Reply To: IVIG dependent CIDP

jk
September 7, 2014 at 1:30 pm

Yes, I have heard of it.

“..it was explained to us…” and how much credibility do these explainers have?

Personally, I might consider myself IVIG dependent, if and only if, I have tried and failed (and have been given them by a neuromuscular CIDP specialist) all of these:

Pub Med Central Theraputic Advances in Neurological Disorders by Kenneth C. Gorson corresponding author
Department of Neurology, St.
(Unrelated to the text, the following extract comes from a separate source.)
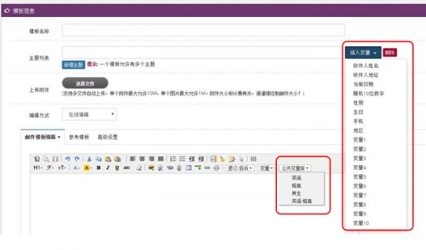 企业围绕着客户为中心,追踪客户活动轨迹,为其构筑一个闭环的服务,比如电商从引导客户访问网站、注册确认、激活链接登录、选购商品、确认支付到后期的物流提醒信息、反馈等,以及设定当客户多久未访问网站、未再继续购买商品、放进购物车却迟迟没成交或举办促销活动、购物车商品价格有变化等诸如此类情形,均可以因应的设置邮件自动触发提醒。 U-Mail邮件群发平台可以与企业其他系统对接,比如说在客户消费金额达到一定数额时,自动触发邮件赠送优惠券或返还金额;再如在客户生日、公司周年等富有纪念性日子之际庆赠予的积分、礼品券等物;大型企业群发工资单…… 当公司有海外市场时,用户可以根据海外各地时差不同,在U-Mail邮件营销平台自动设置发送时间,选择在对方最专注的时间段到达。 二、个性化 新生族群80后、90后都特别重视个性的诉求,无论是产品的设计、功能的开发还是群发邮件的制作都必须为其量体定制个性化的内容,营销人员可以用U-Mail邮件营销平台实现: 1.U-Mail不但拥有公共变量库,而且可提供9个固定变量,15个自定义变量,除了常见的用来区别不同消费者的姓名、年龄、性别等变量外,营销人员完全可以自己需要来斟酌设定变量。如此多的变量大大扩展了邮件的表现力和适用性,使其丰富多样,极大限度避免被列入垃圾邮件,更成功吸引了客户的注意力。

Elizabeth’s Medical Center, 736 Cambridge Street, Boston, MA 02135, USA
Nov 2012; 5(6): 359–373.

Table 5.

Therapy for chronic inflammatory demyelinating polyneuropathy.
Proven therapies from randomized controlled trials: Level I evidence [Ashman and Gronseth, 2012]
IVIg
Prednisone
Plasma exchange
Pulse oral dexamethasone

Therapies ineffective based upon randomized controlled trials: Level I evidence; These studies all had difficulties in trial design:
Azathioprine
Interferon B1a (Level II evidence)
Methotrexate

Therapies of unproven benefit but probably helpful as steroid sparing agents, based upon clinical experience, and > 1 case series: Level IV evidence
Cyclosporine A
Cyclophosphamide
Azathioprine

Other therapies of unproven benefit: Level IV evidence
Mycophenolate mofetil
Pulse weekly oral prednisolone
Pulse weekly oral dexamethasone
Pulse weekly intravenous methylprednisolone
Rituximab
Interferon alpha 2a
Etanercept
Tacrolimus
Alemtuzumab
Natalizumab
Hematopoietic stem cell transplantation end quote.

Finally, I suggest that your conclusion “… And if that’s the case then stem cell transplant won’t work.” is neither factually based nor a correct conclusion based solely on the presumption of being “ivig dependent.”